Umas me querem bem, outras são calmas,
Outras me odeiam, outras me acham falho
Em relação ao ideal que sempre havias buscado,
Embora pela vida um tal ideal seguro,
Por mais que procurasses, sempre mostrou-se impuro:
Por gozo material foi sempre maculado...
Mas para mim, mulher, és pura inspiração,
Aquela que molhou meus ossos ressecados
E neles insuflou a vida novamente...
Não te afastes de mim, tão só por negação
Dos sentimentos puros, nas veias revelados,
Dessa chuva de sangue que me explodiu na mente!...
TO CROWN A BEAUTY
It is hard to take for a guide a name
of a girl you never met, very certainly
a pretty girl, fresh as a rose, vainly
expecting from life a future tame...
Elizabeth is her name, like a queen,
perhaps the most queenly dame of all:
before her throne fell so many a thrall,
not of her might, but for having seen
the beauty a queen would flaunt, and yet
so many have not; though Queen Bess,
called the Virgin Queen, for never marrying,
had lovers galore, the most illustrious set
England could provide and they confess
would die if only for her kindliness' sharing...

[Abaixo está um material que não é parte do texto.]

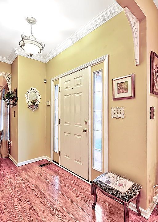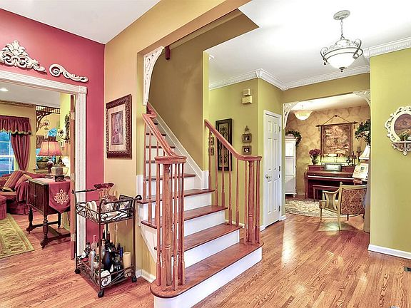 IMPRESSIVE CENTER HALL COLONIAL BECKONS FROM THE CURB WITH BEAUTIFUL TRIM, COVERED FRONT PORCH, BAY WINDOW WITH DECORATIVE EXTERIOR TRIM AND MANICURED LAWN COMPLEMENTED WITH NEATLY TRIMMED SHRUBS AND TREES PLUS LONG DRIVEWAY LEADING TO A TWO CAR GARAGE. THE FOYER PRESENTS AN IMPRESSIVE ARRAY OF WARM AND INVITING COLORS AGAINST DECORATIVE MOLDING AND GLEAMING, BOLD HARDWOOD FLOORS WITH A SPACIOUS FEEL LEADING TO THE FORMAL DINING ROOM WITH BAY WINDOW, WINDOW TREATMENTS, RECESSED LIGHTS AND SPACE FOR LARGER DINING FURNITURE AND CABINETS. THE LIVING ROOM IS PERFECT FOR RECEIVING GUESTS AND IS CURRENTLY USED AS SPACE FOR ARTISTIC CREATION LEADING TO THE FULLY UPDATED KITCHEN LOADED WITH BRAND, STAINLESS APPLIANCES, GRANITE COUNTERS, SUSPENDED LIGHT FIXTURES, UNDER-MOUNT SINK

[a girl named Elizabeth asked me to write a sonnet with her name. of course i wrote a praise to Queen Elizabeth the First...]
INDEFESO
Não sei se devo te escrever mais versos...
Tantos já te escrevi, que tua alma multifária,
De humor instável e de expressão tão vária,
Já deveria ter só para mim conversos
Todos os seus escaninhos tão diversos;
E não negar amor após as juras,
Após as firmes confissões mais puras,
Na marcha desses anos tão dispersos...
Ter marchetado ao longo dos meus ossos
A certeza de um bem depois negado
Por tais oscilações, que não consigo
Jamais prever e sinto que em destroços
Tornou-se-me a confiança: inda a teu lado,
Não saberei jamais se estou contigo...
PROPOSTA
Se queres me entender, pensa primeiro
Que não tenho intenção que seja oculta:
Eu quero usar tua vida, seja a multa
Qual for; o preço eu pagarei inteiro!...
Pensa que eu busco apenas a expressão
De meu gênio viril em corpo e nalma,
Na fonte e turbilhão, verdade e calma,
Só para encher-te inteiro o coração...
Eu quero que me ames -- não preciso
De apelar ao vulgar gesto indeciso
Que saberia usar outro qualquer;
Eu quero ver-te pura e sem recalque;
Completa ao coração então decalque
Minhalma, que te amou, porque és mulher!